La crisis en Oriente Próximo escala a niveles críticos. En las últimas horas, un segundo avión de combate estadounidense se ha estrellado en aguas del golfo Pérsico, sumándose al derribo de otra aeronave por parte de fuerzas iraníes ocurrido este mismo viernes.
Operativos de rescate y aviadores capturados
A pesar de la pérdida de los aparatos, las labores de búsqueda han dado resultados parciales:
- Segundo caza: El piloto ha sido rescatado con vida tras el siniestro.
- Primer avión (derribado): Se ha logrado rescatar a uno de los dos militares que viajaban a bordo.
- Recompensa: El régimen de Teherán ha intensificado la provocación al ofrecer públicamente una recompensa por la captura de los tripulantes estadounidenses.
Bloqueo diplomático y rechazo al alto el fuego
La vía del diálogo parece haber colapsado. Según informaciones de la agencia Fars, Irán ha rechazado de forma tajante una propuesta de cese de hostilidades de 48 horas planteada por Washington.
Las autoridades iraníes han calificado las demandas de Estados Unidos como «inaceptables» y se niegan a participar en la reunión prevista en Islamabad.
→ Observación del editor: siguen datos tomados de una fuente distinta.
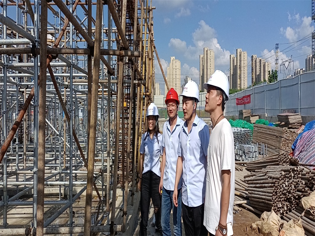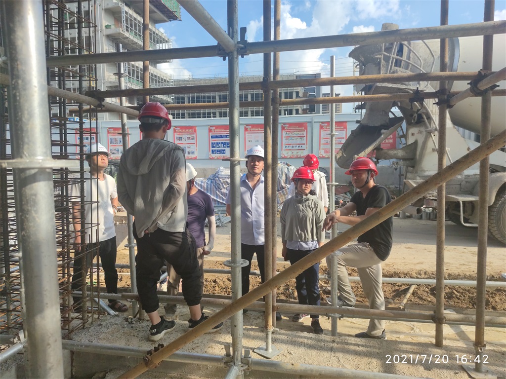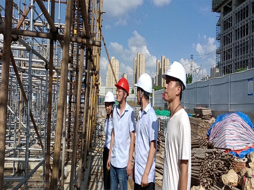 2021年7月20日,创伟林集团公司一行6人顶着炎炎烈日,到合肥供水集团服务中心项目现场进行例行安全巡检。图为公司领导与驻场业主代表、驻场监理工程师就安全巡检中发现的问题及解决方法现场交流。
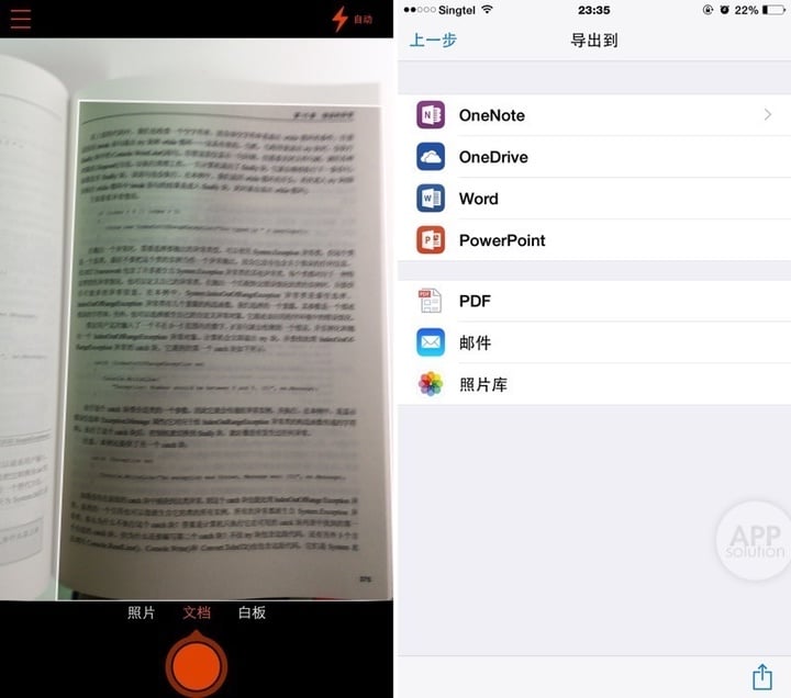 Office Lens 在便捷程度上仅次于扫描宝,也是一打开软件就是相机页面,但少了图像自动识别技术,Office Lens 在扫描前你首先要选择你扫描的文件类型,扫描后除了导出到 PDF,再就是各种微软办公软件了,除了导出过程因为会连接 OneDrive 服务所以会有明显延迟,比扫描宝稍微慢一点。
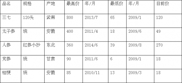 三七:虽然该品种辉煌价位已远去,但是,高价留下的影响是持久的。三七创药市神话,有着多种因素,多年低价,生产调减,自然灾害,人为因素等都是推高价格的条件。2009年三七自65元价格起步,之所以步步高升,主要是新货产不足需。
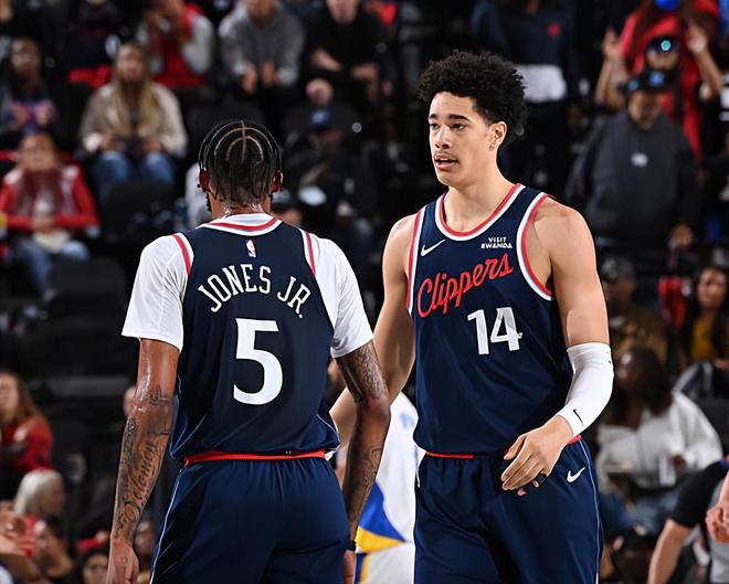 本场比赛中,快船的先发锋线大将小德里克-琼斯(Derrick Jones Jr.)的表现还是相当不错的。小琼斯全场出场25分48秒,投篮9中5,三分线外4中1,罚球2中1,得到了12分2篮板2抢断1盖帽,还有2次失误和3次犯规,正负值为+16。小琼斯在攻防两端真是满满的都是活力,他在进攻端也是展现出了很强的篮下得分能力,他也是抓住了不算太多的机会得到了不少分数,起到了很好的效果。最关键的是,小琼斯在防守端的表现真是太出色了,他超高的积极性和超强的运动能力对于比赛的影响实在是太大了。总体来看,小琼斯也算是在攻防两端起到了很大的作用,他也为球队的这场胜利做出了巨大的贡献。
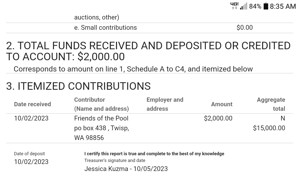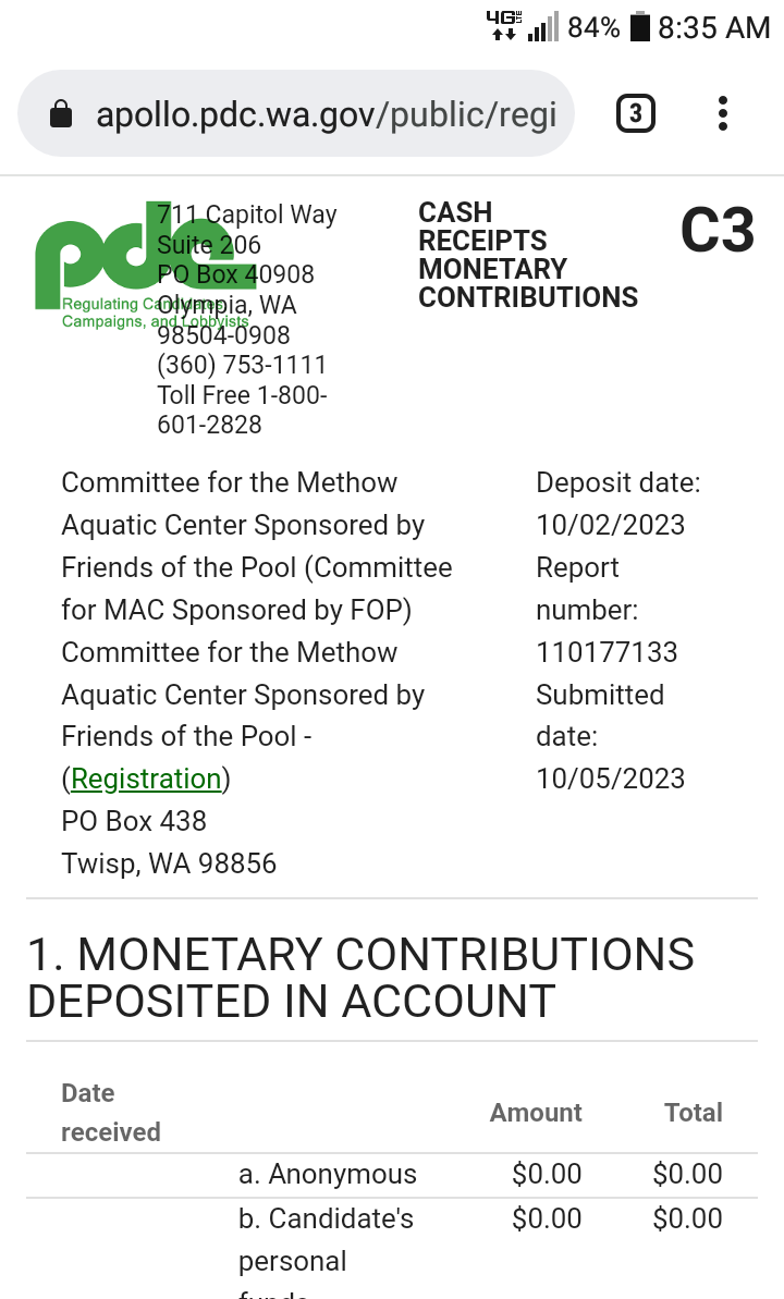 pasayten wrote: Thu Oct 05, 2023 9:37 am Friends of the Pool contributed $10,000 to the "Committee for the Methow Aquatic Center Sponsored by Friends of the Pool" political action committee.
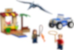Deze geweldige set, geïnspireerd op de film Jurassic World Dominion, bevat alles wat je nodig hebt voor urenlang speelplezier boordevol actie. De set bestaat uit een van stenen gebouwde haven, viskraampje en een buggy, minifiguren van Owen Grady en Maisie met een vishengel en lasso, en een figuur van een Pteranodon. De achtervolging kan beginnen!
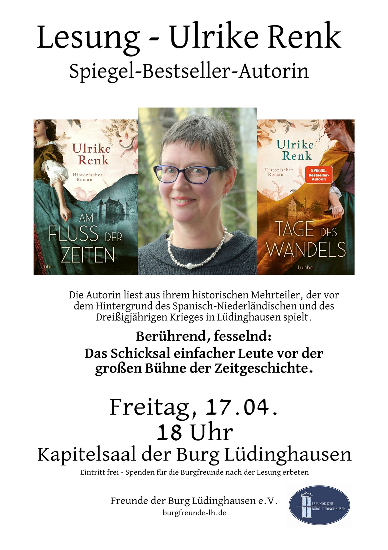 Die Bestsellerautorin Ulrike Renk liest aus ihren Werken. Im Mittelpunkt steht das Leben der einfachen unfreien Menschen im Münsterland des 16. und 17. Jahrhunderts. Schwerpunkt ist die Burg Kakesbeck und Lüdinghausen selbst.
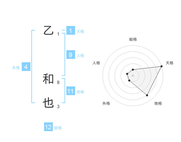 乙 和也さんの外格は4画の1点!
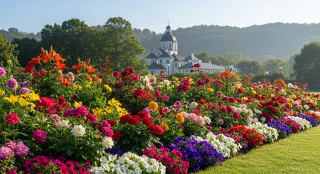 Picturesque flowerbed with vibrant blooms and historic building
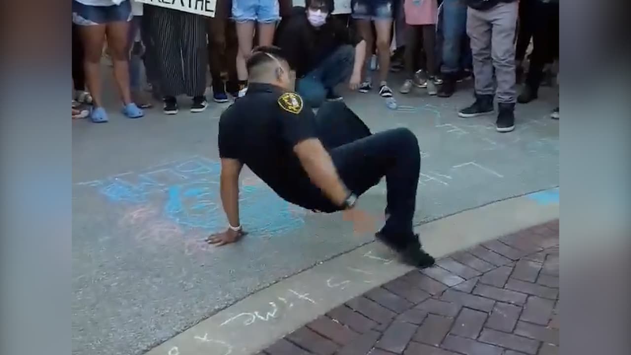 Una protesta pacífica contra la brutalidad policial y el racismo en la ciudad de Elgin, en el condado de Cook en Chicago, terminó el viernes en una reto de baile entre un oficial de policía y un joven bailarín.
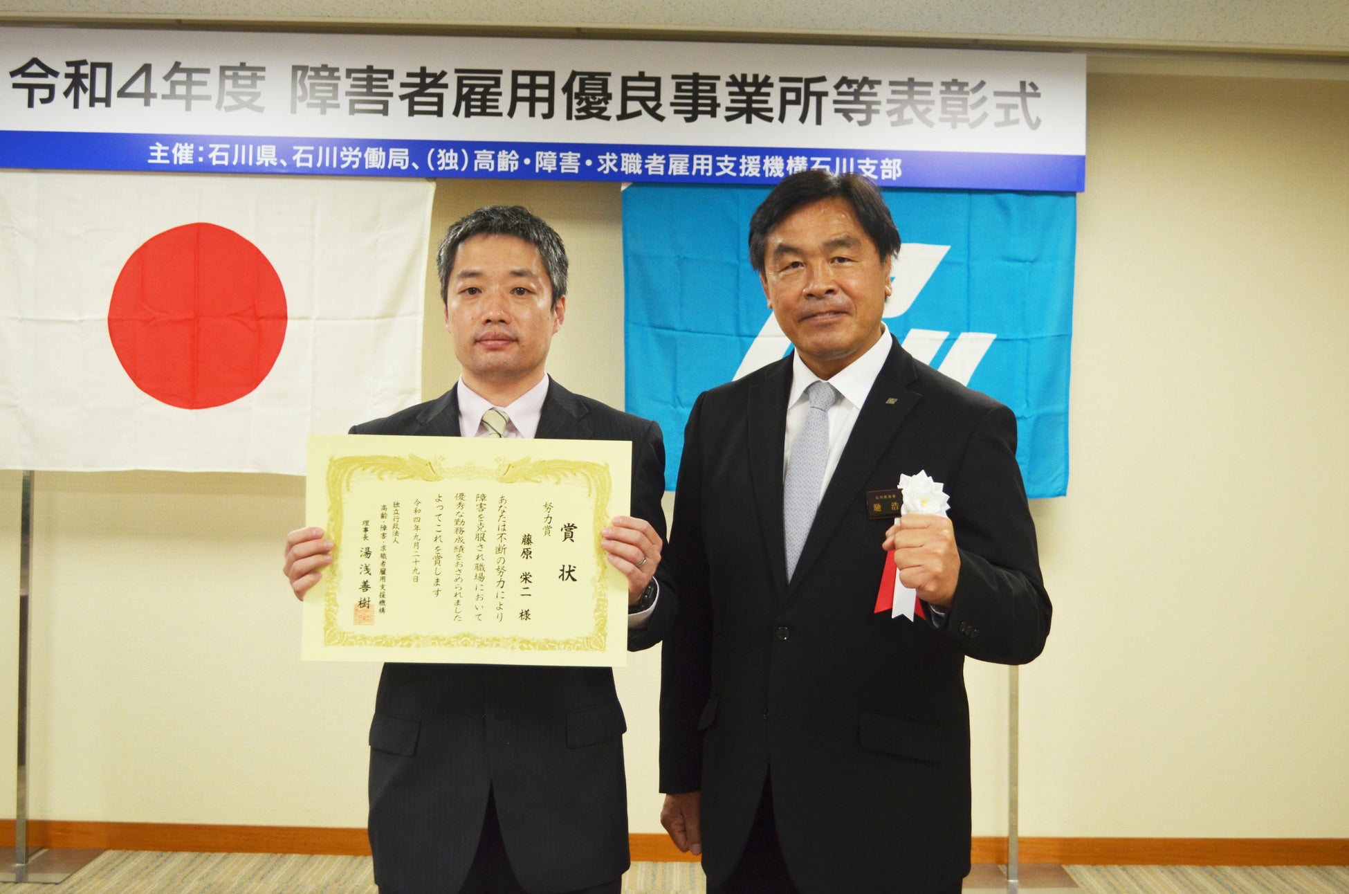 独立行政法人 高齢・障害・求職者雇用支援機構石川支部では、障害者の職業的自立の増進、障害者雇用の促進と職場定着を図る取り組みを行っています。今回は、障害者を積極的に多数雇用された事業所、模範的職業人として長期に勤続されている優秀勤労障害者の表彰式を開催し、当社のビジネスクリエーション部在籍の藤原栄二が受賞しました。当社社員が同賞を受賞するのは、平成30年度独立行政法人高齢・障害・求職者雇用支援機構理事長努力賞に続き、2回目です。
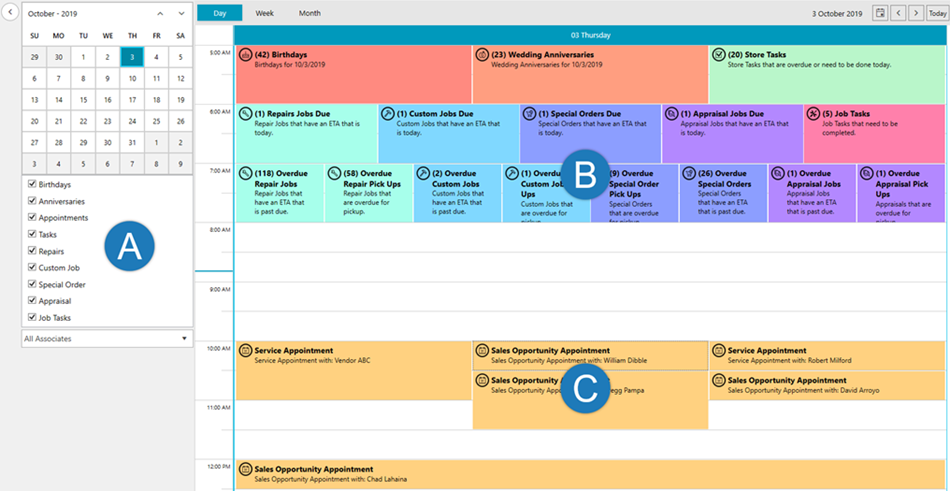 These checkboxes toggle which occasions, services, and tasks to display. The drop-down allows you to filter these records by associate. You can select a specific associate, see all associates, or only see records not assigned to any associate.

Con la diplomacia en punto muerto, el conflicto amenaza con desbordarse hacia un enfrentamiento regional de gran escala.
Incursión terrestre en Líbano
De forma paralela al conflicto aéreo, la situación en el frente terrestre ha dado un giro drástico:
- Despliegue israelí: El ejército de Israel ha iniciado la ocupación y desalojo de poblaciones en el sur de Líbano.
- Objetivo: Las tropas se están posicionando en una franja de unos 10 kilómetros desde la frontera, al sur del río Litani.
- Justificación: Según el mando militar israelí, la operación busca neutralizar la amenaza de los cohetes lanzados por la milicia Hezbolá contra el norte de su territorio.
Situación actual: La combinación de incidentes aéreos en el Golfo y la invasión terrestre en Líbano sitúa al mundo ante el momento más volátil de la región en décadas.